Keysight Technologies has launched an open, scalable and predictable 5G and millimetre wave design and validation tool to accelerate delivery of chip, board and system products.
The 5G market is rapidly gaining broader acceptance. Network operators are transitioning from 4G and rolling out commercial 5G around the world. Equipment manufacturers and suppliers need to optimize performance, cost (yield), and time-to-market in their designs to be selected as vendor of choice for mainstream 5G deployments. However, higher frequencies coupled with the increasing design integration and complexity of 5G, require a unified, end-to-end approach to eliminate late stage design iterations and ensure first pass success.
PathWave Design 2021 provides tools across all design phases including simulation to validation as well as test and manufacturing in 5G RF and microwave design flows.
“Current design methodologies for 4G and earlier standards use approximate figures of merit to get designs to market quickly,” said Tom Lillig, general manager of PathWave Software Solutions at Keysight Technologies. “This legacy approach is insufficient for modern designs, which increase integration requirements due to 5G broadband modulation schemes. The design techniques developed with previous generations of designs simply aren’t sufficient to meet the 5G standards.”

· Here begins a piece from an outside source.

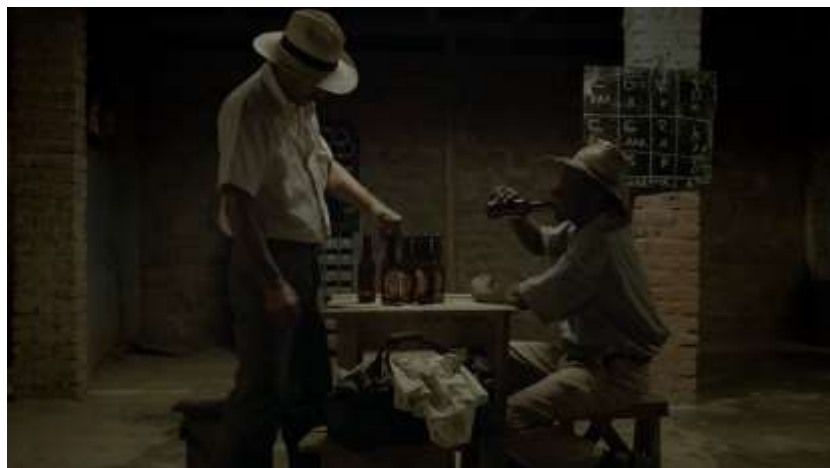
Figura 17. Escena del bar

Gerardo al hospital, durante el trayecto en carreta, él va cubierto completamente con una sábana, mientras planos cerrados se mueven. Adicionalmente, la escena del bar (Figura 17) ya previamente descrita, tiene una transición de luz y contrastes que reflejan el estado anímico de Alfonso.

Keysight says engineers can eliminate months from product schedules by increasing the speed and reducing the complexity of chip level analysis and verification with integrated EM simulation and accelerating the verification process by running simulations in parallel in the high-performance cloud computing. The toolflow helps to predict performance at the circuit and system levels using common modulated signals and accurate RF system models. This supports scaling of the end-to-end ecosystem from device to circuit to test and manufacturing with model-driven engineering.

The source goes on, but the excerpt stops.